Let Social Media Inspire You
This tweet inspired me on the fifth day of the 101 Writing course. Socrates says something like this originally. He lived 469-399 B.C.
All I know is that I know nothing!
The person who tweets this puts the word education into Socrates’ sentence.
I remember a time when I knew that I was going to take an extra education on top of my nursing training. I wanted to become a Health Visitor. In Denmark that is a protected title and you have to be a staff nurse first and then spend two years on different wards that serve to build up for further education on children and health.
Waiting for getting into the new schooling I worked as a district nurse in Copenhagen. Most of the visits had to do with elderly people who needed all kind of help. One day I was visiting a mother with a new-born child. At that time in the late seventies the nurses were obliged to visit to see if the mother was alright if she had gone home from the hospital very quickly or had a birth at home. The Health visitor came to recommend about the baby a few days after.
I longed to go into my calling as I felt it, but I remember my lack of knowledge and what to say about the child. The mother was so much at the top that she was preparing a birthday party for one of the other children in the family. There wasn’t time for me and I left of course as every thing was fine. I didn’t have the authorization to have an opinion on the baby or his needs unless he had been in danger and I should have acted as a nurse.

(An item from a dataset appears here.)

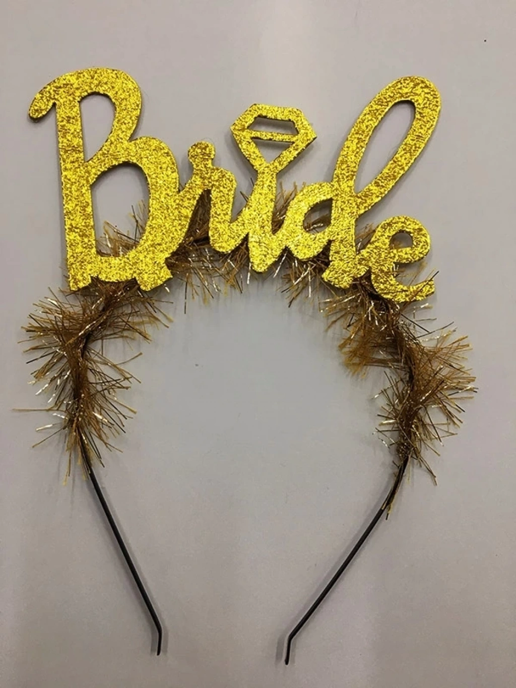 Altın Renk Bekarlığa Veda İtalik Yazı Alyanslı Bride Taç
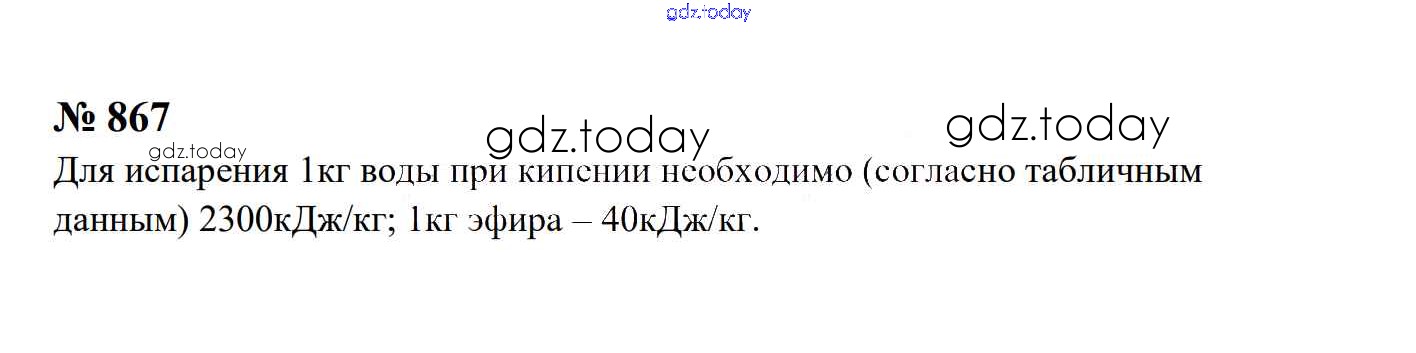 На страницах сайта gdz.today вы найдете учебный и вспомогательный материал, направленный на улучшения знаний школьной программы. ГДЗ - онлайн мир знаний Тепловые явления Решение. 8 класс 867 Сборнику задач по Физике для 7-9 класса Перышкин, Лонцова Экзамен УМК 2016

During the new education I learnt a lot and it was very demanding and inspiring. The Tweeter is right you know nothing or not a lot when graduated, but I think it gives you a foundation to stand on and to build on. After many years in the job I now volunteer when I am needed for new mothers and their babies. I stand on my ground and I compose something out of what is at hand in the situation. I listen and I try to understand and back up the mother with security and simplicity, advising to cut away all unnecessary actions to secure the basic needs of both mother and baby. I leave them hopefully in a good mood after one and a half hour at the most.
I remember the feeling of being completely superfluous that day wanting so much to become what I still was not.